Thousands Who Lived By Hanford Offered Checkups Agency’s Plan To Monitor Effect Of Radiation Hits Funding Hurdle
Some 14,000 people exposed as children to Hanford’s clouds of radioactive iodine will be eligible for medical exams over the next few years.
The checkups will be for thyroid cancer and other thyroid diseases - long-term risks of exposure to radiation spewed from Hanford’s plutonium factories in the mid-1940s.
The federal Agency for Toxic Substances and Disease Registry announced Thursday it has agreed to launch the pioneering medical monitoring program, the first ever around a former U.S. weapons site.
But funding for the effort, including a $4 million startup cost this year and $9.5 million for 1998, is still up in the air.
The U.S. Department of Energy’s headquarters in Washington, D.C., is balking at paying for the medical monitoring program. It may have to compete with Hanford cleanup funds, already stretched thin by congressional budget cuts.
People who were infants, small children and teenagers and who lived downwind of Hanford in a 1,300-square-mile area of the Inland Northwest from 1945 to 1951 will be the prime subjects of the new medical program.
Those at highest risk for thyroid disease were 5 years old or younger in 1945 - the peak year for the radiation releases - and lived in Benton, Franklin or Adams counties for that entire year.
But many more people - including thousands who lived in the Spokane area during the Cold War - also may be eligible for checkups.
That’s because the study will include all people who received an estimated 10 rads of radiation from Hanford’s radioactive iodine 131 pollution.
Ten rads is the dose at which the lifetime risk of thyroid cancer is expected to double, according to federal health studies.
Current federal standards prohibit a radiation dose to a member of the public that exceeds .025 rads annually.
“Even though 50 years have elapsed, these people are still at risk” for thyroid cancer and disease, said Bob Spengler, assistant director for science in ATSDR’s division of health studies in Atlanta.
Children exposed as infants or while they were very young have the biggest lifetime risk for developing thyroid disease, Spengler said.
“It’s very age-dependent. The older you are, the less risk you have,” he said.
The radiation escaped from Hanford factories during the making of plutonium, one of the world’s deadliest substances. The early plants had very crude filtering devices, and most of the iodine 131, a byproduct of plutonium production, escaped up the stacks.
The particles settled on grass and were eaten by cows. They entered the human food chain in milk, much of it consumed by children.
State health agencies in Washington, Idaho and Oregon will be offering individual dose assessments to Hanford downwinders by this fall, Spengler said.
They’ll be based on a recently completed study, the Hanford Environmental Dose Reconstruction Project, which estimated doses to exposed people.

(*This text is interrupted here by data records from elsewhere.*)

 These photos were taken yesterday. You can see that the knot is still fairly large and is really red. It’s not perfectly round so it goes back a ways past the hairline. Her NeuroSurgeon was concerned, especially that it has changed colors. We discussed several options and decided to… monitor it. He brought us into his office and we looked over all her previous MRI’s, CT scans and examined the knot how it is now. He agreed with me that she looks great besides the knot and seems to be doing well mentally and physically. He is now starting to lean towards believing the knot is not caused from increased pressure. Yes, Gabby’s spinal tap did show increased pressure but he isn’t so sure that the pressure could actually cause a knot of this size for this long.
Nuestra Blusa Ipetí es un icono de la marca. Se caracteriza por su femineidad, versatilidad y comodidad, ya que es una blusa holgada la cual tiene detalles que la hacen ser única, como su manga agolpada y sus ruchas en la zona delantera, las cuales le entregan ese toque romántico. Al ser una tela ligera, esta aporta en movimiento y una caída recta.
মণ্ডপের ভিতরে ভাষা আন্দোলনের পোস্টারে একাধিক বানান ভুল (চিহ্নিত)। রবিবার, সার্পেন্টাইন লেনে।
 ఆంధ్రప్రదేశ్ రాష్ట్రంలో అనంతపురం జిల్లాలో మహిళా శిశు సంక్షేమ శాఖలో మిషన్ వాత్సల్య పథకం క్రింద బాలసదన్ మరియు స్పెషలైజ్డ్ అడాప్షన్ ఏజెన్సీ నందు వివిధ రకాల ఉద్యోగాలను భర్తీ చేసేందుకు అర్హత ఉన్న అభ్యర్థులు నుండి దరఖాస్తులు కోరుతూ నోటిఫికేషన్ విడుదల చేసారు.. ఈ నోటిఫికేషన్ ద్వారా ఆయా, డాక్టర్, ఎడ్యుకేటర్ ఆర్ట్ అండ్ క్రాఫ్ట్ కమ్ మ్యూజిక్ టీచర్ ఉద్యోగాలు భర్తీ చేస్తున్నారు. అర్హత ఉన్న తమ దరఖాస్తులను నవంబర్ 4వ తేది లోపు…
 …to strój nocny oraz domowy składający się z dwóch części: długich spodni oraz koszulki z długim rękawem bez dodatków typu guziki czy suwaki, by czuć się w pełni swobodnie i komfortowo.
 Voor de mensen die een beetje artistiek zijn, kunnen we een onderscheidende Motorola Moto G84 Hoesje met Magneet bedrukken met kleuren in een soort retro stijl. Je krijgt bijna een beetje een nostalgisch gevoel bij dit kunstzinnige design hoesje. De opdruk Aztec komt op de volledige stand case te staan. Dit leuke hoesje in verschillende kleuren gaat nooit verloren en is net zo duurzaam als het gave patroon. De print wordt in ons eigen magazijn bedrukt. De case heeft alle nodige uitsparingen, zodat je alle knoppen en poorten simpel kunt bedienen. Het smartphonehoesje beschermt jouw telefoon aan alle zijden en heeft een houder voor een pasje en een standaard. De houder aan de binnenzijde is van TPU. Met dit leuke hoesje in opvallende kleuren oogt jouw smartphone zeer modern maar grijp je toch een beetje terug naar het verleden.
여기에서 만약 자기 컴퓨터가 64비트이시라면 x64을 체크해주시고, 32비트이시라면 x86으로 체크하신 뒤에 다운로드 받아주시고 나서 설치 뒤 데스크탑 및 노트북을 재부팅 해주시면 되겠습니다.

The ATSDR is a branch of the U.S. Centers for Disease Control. Under federal law, it has the authority to monitor the health of residents living around Superfund sites, including Hanford.
ATSDR may conduct additional health monitoring near Hanford, Spengler said.

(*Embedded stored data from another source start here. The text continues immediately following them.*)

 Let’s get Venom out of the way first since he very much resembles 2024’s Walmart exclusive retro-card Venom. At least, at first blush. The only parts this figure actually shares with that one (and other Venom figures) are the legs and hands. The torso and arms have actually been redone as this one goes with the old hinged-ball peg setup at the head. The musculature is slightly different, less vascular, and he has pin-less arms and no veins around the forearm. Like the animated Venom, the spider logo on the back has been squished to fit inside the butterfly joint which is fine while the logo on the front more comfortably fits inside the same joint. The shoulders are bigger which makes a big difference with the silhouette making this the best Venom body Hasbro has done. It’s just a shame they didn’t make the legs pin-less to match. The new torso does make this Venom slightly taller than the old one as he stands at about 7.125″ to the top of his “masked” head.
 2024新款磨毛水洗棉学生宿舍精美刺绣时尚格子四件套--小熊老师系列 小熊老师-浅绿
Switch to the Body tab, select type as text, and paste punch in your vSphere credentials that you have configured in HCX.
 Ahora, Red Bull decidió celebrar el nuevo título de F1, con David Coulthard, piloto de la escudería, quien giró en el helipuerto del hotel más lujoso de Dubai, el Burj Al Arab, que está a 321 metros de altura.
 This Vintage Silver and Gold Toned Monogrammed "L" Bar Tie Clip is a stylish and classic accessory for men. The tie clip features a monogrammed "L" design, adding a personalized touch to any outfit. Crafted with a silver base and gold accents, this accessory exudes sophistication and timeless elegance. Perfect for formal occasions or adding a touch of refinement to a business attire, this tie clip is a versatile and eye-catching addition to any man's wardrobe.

But the agency decided to start with thyroid disease because there’s a huge body of evidence that shows the risks to Hanford’s downwinders were substantial, he noted.

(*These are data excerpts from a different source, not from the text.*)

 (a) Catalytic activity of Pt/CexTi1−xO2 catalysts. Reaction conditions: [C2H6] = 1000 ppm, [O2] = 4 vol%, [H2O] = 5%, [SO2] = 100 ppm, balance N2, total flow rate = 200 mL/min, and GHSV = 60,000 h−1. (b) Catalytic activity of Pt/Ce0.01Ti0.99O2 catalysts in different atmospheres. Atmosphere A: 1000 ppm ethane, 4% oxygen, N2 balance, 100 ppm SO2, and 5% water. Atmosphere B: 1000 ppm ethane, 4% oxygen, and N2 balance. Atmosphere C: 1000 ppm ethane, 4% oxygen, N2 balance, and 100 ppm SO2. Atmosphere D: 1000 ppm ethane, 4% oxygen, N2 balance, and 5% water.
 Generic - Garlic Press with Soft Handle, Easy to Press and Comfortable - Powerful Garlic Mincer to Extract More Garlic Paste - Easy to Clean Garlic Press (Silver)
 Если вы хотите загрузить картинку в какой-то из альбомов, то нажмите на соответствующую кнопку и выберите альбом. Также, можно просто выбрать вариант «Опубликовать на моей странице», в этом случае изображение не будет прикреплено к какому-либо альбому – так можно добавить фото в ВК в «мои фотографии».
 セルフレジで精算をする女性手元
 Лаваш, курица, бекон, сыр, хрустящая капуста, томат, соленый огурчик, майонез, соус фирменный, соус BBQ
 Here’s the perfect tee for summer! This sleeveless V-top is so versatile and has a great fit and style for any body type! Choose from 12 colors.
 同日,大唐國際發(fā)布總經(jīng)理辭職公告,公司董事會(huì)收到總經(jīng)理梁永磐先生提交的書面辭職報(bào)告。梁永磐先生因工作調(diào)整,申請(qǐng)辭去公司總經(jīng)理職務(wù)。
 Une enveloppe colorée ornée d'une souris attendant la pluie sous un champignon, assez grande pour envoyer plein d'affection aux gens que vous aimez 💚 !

The agency has asked the Department of Energy to fund the monitoring program, which could last for several years. But that has triggered a new controversy.
Downwinders and Hanford watchdog groups don’t want it to be paid for out of Hanford cleanup funds, as some DOE officials have suggested. That’s because Hanford’s $1 billion cleanup budget is already stretched thin.
“It’s a disgrace that they want to pay for this out of cleanup funds,” said Gerald Pollett of Heart of America Northwest.
DOE headquarters is handing its Hanford operations office an “unfunded mandate” for the thyroid monitoring, said Lynne Stembridge, director of the Hanford Education Action League of Spokane.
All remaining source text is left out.